We are currently undergoing product transitions in our core business and introducing next-generation products
with higher price performance and architectural advantages compared to both our prior generation of products
and the product offerings of our competitors. We believe that many of these product transitions are gaining
momentum based on the strong year-over-year product revenue growth across these next-generation product
families. We believe that our strategy and our ability to innovate and execute may enable us to improve our
relative competitive position in many of our product areas even in uncertain or difficult business conditions and,
therefore, may continue to provide us with long-term growth opportunities. However, we believe that these
newly introduced products may continue to negatively impact product gross margins, which we are currently
striving to address through various initiatives including value engineering, effective supply chain management,
and delivering greater customer value through offers that include hardware, software, and services.
We continue to seek to capitalize on market transitions. Market transitions on which we are primarily focused
include those related to the increased role of virtualization/the cloud, video, collaboration, networked mobility
technologies and the transition from Internet Protocol Version 4 to Internet Protocol Version 6. For example, a
market in which a significant market transition is under way is the enterprise data center market, where a
transition to virtualization/the cloud is rapidly evolving. There is a continued growing awareness that intelligent
networks are becoming the platform for productivity improvement and global competitiveness. We believe that
disruption in the enterprise data center market is accelerating, due to changing technology trends such as the
increasing adoption of virtualization, the rise in scalable processing, and the advent of cloud computing and
cloud-based IT resource deployments and business models. These key terms are defined as follows:
Virtualization: refers to the process of aggregating the current siloed data center resources into unified,
shared resource pools that can be dynamically delivered to applications on demand thus enabling the ability
to move content and applications between devices and the network.
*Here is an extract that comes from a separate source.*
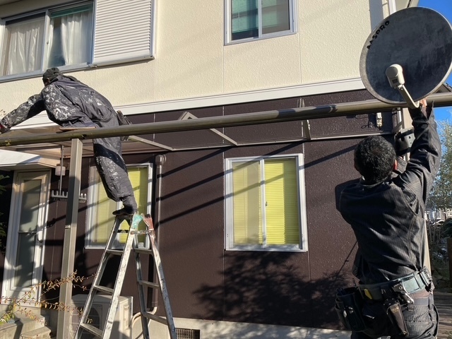 本日の作業は新しくテラスを組立てるので古いテラスを解体して柱のコンクリート根巻きも綺麗に撤去して恥かいてる外壁箇所もしっかり色合わせしてタッチアップ致しました。BSアンテナも本体を新しくして外壁に取り付けました。ついでに気になる箇所も簡単ですが修繕しておきましたよ。引き続き宜しくお願いします。またアップします。

The cloud: refers to an information technology hosting and delivery system in which resources, such as
servers or software applications, are no longer tethered to a user’s physical infrastructure but instead are
delivered to and consumed by the user “on demand” as an Internet-based service, whether singularly or with
multiple other users simultaneously.
This virtualization and cloud-driven market transition in the enterprise data center market is being brought about
through the convergence of networking, computing, storage, and software technologies. We are seeking to take
advantage of this market transition through, among other things, our Cisco Unified Computing System platform
and Cisco Nexus product families, which are designed to integrate the previously siloed technologies in the
enterprise data center with a unified architecture. We are also seeking to capitalize on this market transition
through the development of other cloud-based product and service offerings through which we intend to enable
customers to develop and deploy their own cloud-based IT solutions, including software-as-a-service (SaaS) and
other-as-a-service (XaaS) solutions.